FrontEnd React
BackEnd WebAPI Flask running LLAMA.CPP
AI Conversation Model Application
This application uses a language model called Llama to generate conversational responses. Llama is wrapped into a Flask application and allows us to ask it questions and get AI-generated answers in response. The application also leverages Flask-CORS to handle Cross-Origin Resource Sharing (CORS), making cross-origin AJAX possible.
Llama Model Llama is a generative language model used for answering questions. We've trained it on a specific conversation template, and it uses this template to generate its responses.
Model Loading The language model files are stored in the ./Models directory. The application automatically selects the first model it finds in this directory for use in generating responses.
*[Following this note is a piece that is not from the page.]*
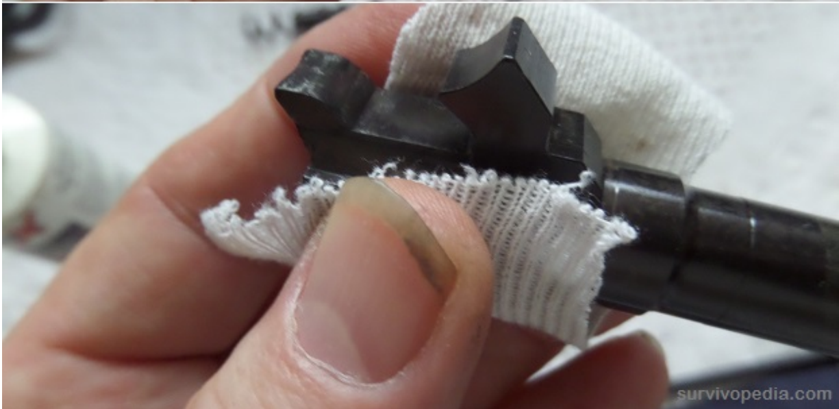
cleaning the barrel

Step 25- To reassemble the slide first carefully install the barrel in the front of the slide with the muzzle down and the rear facing slightly upward. Then push the barrel down and into the lower larger hole of the slide to mount the barrel in the slide.

The model is loaded into an instance of LlamaCpp with some specific parameters, like the number of GPU layers, batch size, maximum tokens, and callbacks for handling output. This instance is then used in the LLMChain to connect prompts with the Llama model.
Prompt Template A PromptTemplate is used to define the structure of the conversation. The application provides a template in which {question} will be replaced by the question provided by the user. This template is then used by the LLMChain to generate a complete prompt that includes the user's question.
Flask Application The Flask application exposes a single POST endpoint at /ask. This endpoint accepts a JSON body with a 'question' field. When a request is sent to this endpoint, the Flask application uses the LLMChain to generate a response from the Llama model and then sends this response back to the client.
The question is inserted into the template to form a complete conversation prompt, which is then given to the Llama model. The model generates a response to the question based on the pattern it learned during training.
The generated response is then returned in the response body as JSON.
Running the Application The application can be run directly from the command line with the command python app.py (or whatever you've named your main application file). The application will start and be accessible at http://localhost:5000, or another port if specified.
When the application is running, you can send a POST request to http://localhost:5000/ask with a JSON body that contains a 'question' field. The value of this field should be the question that you want to ask the model.
For example, you could use the following curl command to send a question:
bash Copy code curl -X POST -H "Content-Type: application/json" -d '{"question":"What is the meaning of life?"}' http://localhost:5000/ask In response, you'll get a JSON object that contains the model's answer to your question.
Please note, the model was trained to simulate a conversational AI assistant "Jarvis" and will format responses accordingly. If you'd like to have a different format of response, you will need to adjust the PromptTemplate.
Requirements To run this application, you need to have Flask, Flask-CORS, and the language model libraries installed. The model file also needs to be located in the specified ./Models directory.